• _Your goal_
Your answer is the lines below, exactly, from the one that contains "- In Items property" through the one that contains "Note: (Standard Deck", both included.

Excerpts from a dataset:
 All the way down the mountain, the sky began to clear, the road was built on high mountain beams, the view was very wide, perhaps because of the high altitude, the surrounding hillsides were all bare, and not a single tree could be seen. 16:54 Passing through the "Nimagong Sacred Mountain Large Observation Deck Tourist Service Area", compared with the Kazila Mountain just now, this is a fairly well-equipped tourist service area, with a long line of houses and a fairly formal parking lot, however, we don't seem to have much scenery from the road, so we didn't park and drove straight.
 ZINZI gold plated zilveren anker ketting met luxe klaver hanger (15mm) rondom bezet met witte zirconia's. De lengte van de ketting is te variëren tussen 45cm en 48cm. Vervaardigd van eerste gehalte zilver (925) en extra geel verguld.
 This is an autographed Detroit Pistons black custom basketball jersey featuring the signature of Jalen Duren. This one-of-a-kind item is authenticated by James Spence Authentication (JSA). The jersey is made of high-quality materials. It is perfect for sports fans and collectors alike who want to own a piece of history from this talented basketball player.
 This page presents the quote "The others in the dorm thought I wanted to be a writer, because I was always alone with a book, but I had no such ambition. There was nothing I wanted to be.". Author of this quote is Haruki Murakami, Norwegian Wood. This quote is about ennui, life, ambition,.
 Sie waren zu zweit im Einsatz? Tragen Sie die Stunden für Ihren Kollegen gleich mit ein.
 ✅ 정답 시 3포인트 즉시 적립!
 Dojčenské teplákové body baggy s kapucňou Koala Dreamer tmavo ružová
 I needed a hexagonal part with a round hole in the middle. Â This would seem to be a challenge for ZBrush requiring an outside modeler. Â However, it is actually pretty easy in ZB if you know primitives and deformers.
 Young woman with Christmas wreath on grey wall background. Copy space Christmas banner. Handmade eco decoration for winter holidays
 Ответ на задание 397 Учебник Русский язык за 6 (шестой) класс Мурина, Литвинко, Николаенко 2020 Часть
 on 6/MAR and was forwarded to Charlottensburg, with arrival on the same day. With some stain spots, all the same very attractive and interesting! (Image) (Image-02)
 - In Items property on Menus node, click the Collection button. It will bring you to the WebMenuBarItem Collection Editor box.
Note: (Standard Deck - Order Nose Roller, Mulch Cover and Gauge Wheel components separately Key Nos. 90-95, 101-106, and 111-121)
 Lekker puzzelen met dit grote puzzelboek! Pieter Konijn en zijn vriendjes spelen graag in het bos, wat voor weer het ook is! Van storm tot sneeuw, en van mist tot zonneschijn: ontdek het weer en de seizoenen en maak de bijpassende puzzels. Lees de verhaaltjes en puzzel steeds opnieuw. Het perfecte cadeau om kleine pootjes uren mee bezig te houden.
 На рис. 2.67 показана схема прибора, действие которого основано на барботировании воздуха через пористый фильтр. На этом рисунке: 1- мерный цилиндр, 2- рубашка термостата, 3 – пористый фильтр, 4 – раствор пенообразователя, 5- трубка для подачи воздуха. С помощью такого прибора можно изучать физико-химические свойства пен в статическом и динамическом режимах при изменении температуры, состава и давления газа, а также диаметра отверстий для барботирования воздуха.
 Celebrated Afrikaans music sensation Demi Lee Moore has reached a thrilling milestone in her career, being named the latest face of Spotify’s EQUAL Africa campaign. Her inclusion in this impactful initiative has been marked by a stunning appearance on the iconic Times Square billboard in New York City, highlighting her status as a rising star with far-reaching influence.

• _Result_
 - In Items property on Menus node, click the Collection button. It will bring you to the WebMenuBarItem Collection Editor box.
Note: (Standard Deck - Order Nose Roller, Mulch Cover and Gauge Wheel components separately Key Nos. 90-95, 101-106, and 111-121)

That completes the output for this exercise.